Kathleen scrisse una breve prosa poetica dal titolo
Heredity 2 [6] dove elencava il nome di donne sposate con minatori, boscaioli, fabbri, muratori; uomini che furono mandati in guerra e che ritornarono devastati nella psiche. Quelle donne che restavano piantate come alberi nelle campagne si ammalavano e offrivano ai loro cari la memoria di una cicatrice, la certezza del kleos. E i loro nomi, quello di queste donne e quello dei loro mariti, “girano ancora” e sono arrivati a noi: Isabella Telford, il marito di Margaret Stirling ...

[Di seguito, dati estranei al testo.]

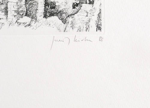WVZ II-297. – Rechts unten in Bleistift signiert und datiert: ″Gerenot Richter 88″. Links Auflagenbezeichnung und Titel: ″E.A. Verlassenes Gehöft″. Verso bezeichnet. Nachlass-Stempel des Künstlers. – Ohne Mängel. Sehr guter Zustand.
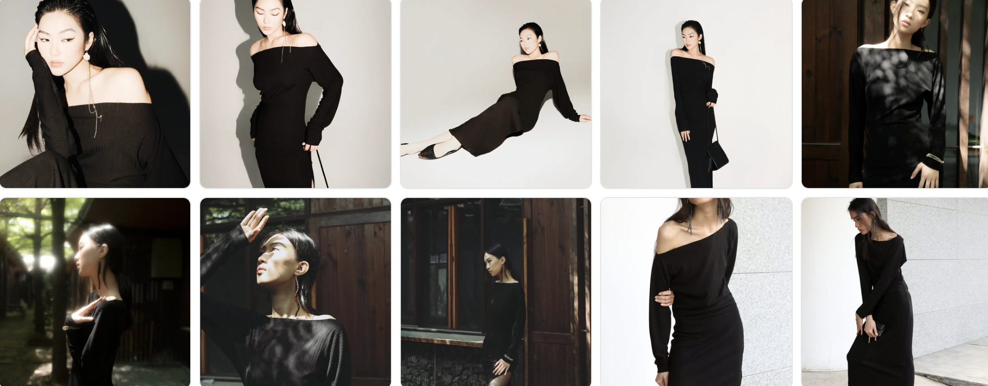 - Muted and Timeless Color Palette: The brand predominantly uses neutral, classic, and deep tones such as black, cream, beige, white, and subtle pastels. This characteristic enhances versatility and prevents pieces from looking dated.
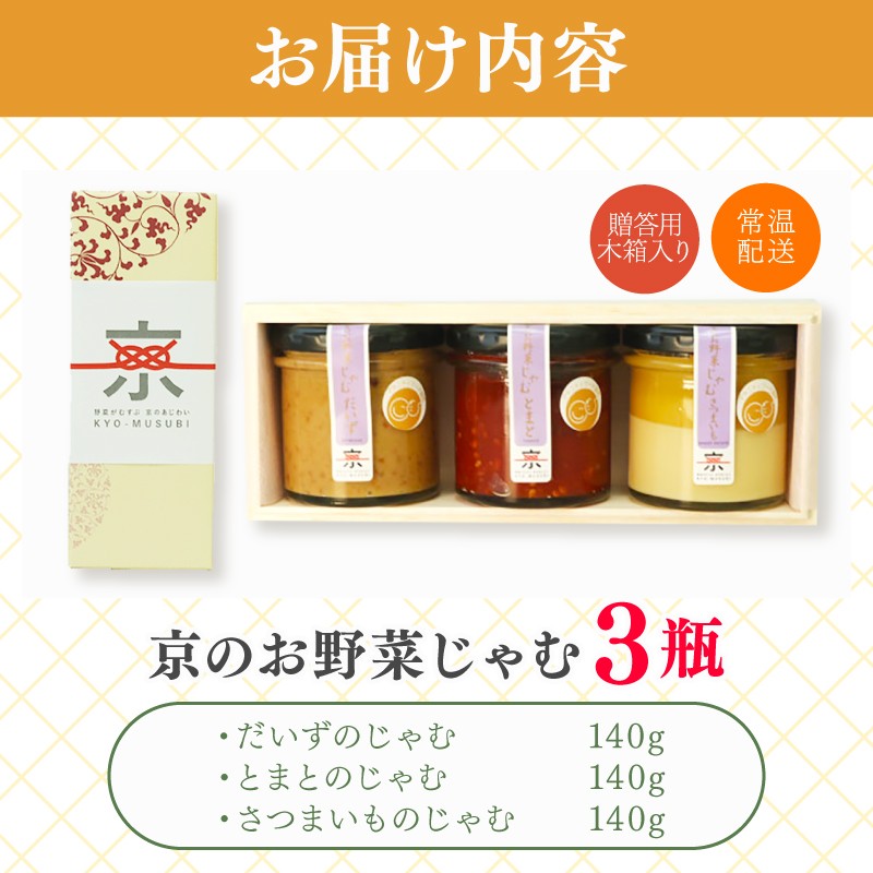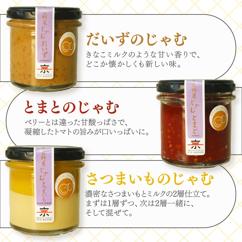 - 京のお野菜じゃむ 3個セット ジャム ( 無添加 野菜ジャム 野菜 京野菜 大豆 トマト さつまいも 食べ比べ 詰め合わせ セット 保存料不使用 加工品 瓶詰め 子ども 赤ちゃん 乳幼児 離乳食 マタニティフード ギフト 贈答用 プレゼント 南丹市 京都 京都府 )
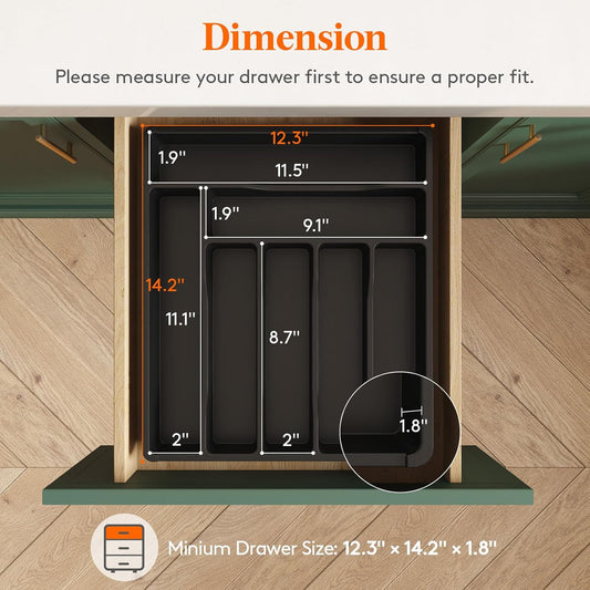 Silverware Organizer - Kitchen Drawer Organizer and Utensil Organizer - Cutlery Tray – Flatware, Utensil and Silverware Holder - Silverware Tray for Drawer (5-Slots, Black)
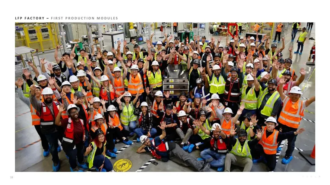 我们新的电池和材料工厂已开始产能爬坡,其中包括内华达的磷酸铁锂电芯,以及得州的正极材料和锂精炼产线。
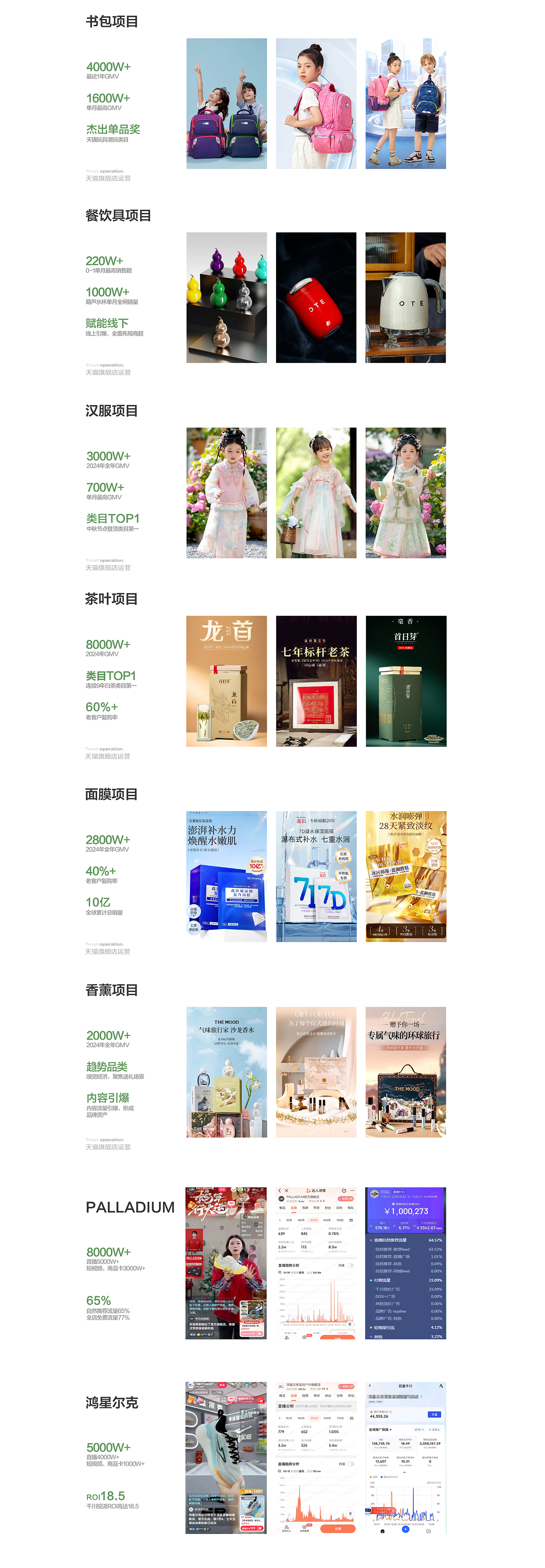 打造一站式的天猫/京东/拼多多/抖音/小红书/视频号/有赞等国内主流平台的运营服务,助力品牌快速成长!

Nel raccogliere tutte queste parole e i dipinti, le sculture, nati da questa stravagante terapia Kathleen concluse che rimettersi in salute dopo l’intervento era stata gioia pura, per certi versi:

- Nessuno voleva niente da me, camminavo in riva al fiume, dormivo meglio di quanto mi fosse accaduto da anni...-
Il segno che si mostrava sul suo petto, quel kleos di carne ancora viva, in fondo era solo un verso in più sul suo foglio e ogni giorno avrebbe avuto la luce giusta e la voce giusta per leggerlo e ascoltarlo cantare tra gli uccelli al riparo dei rami del sorbo.
La Y di YES alle albe scozzesi, al ritorno dei falchi pellegrini e della lince e del lupo nelle highlands; la Y di YES alla vita e perfino al referendum. Il segno dunque era diventato parte di un paesaggio naturale come può esserlo un giardino dietro casa dove sappiamo le cose più segrete (il numero di margherite, il nome di un passero,...).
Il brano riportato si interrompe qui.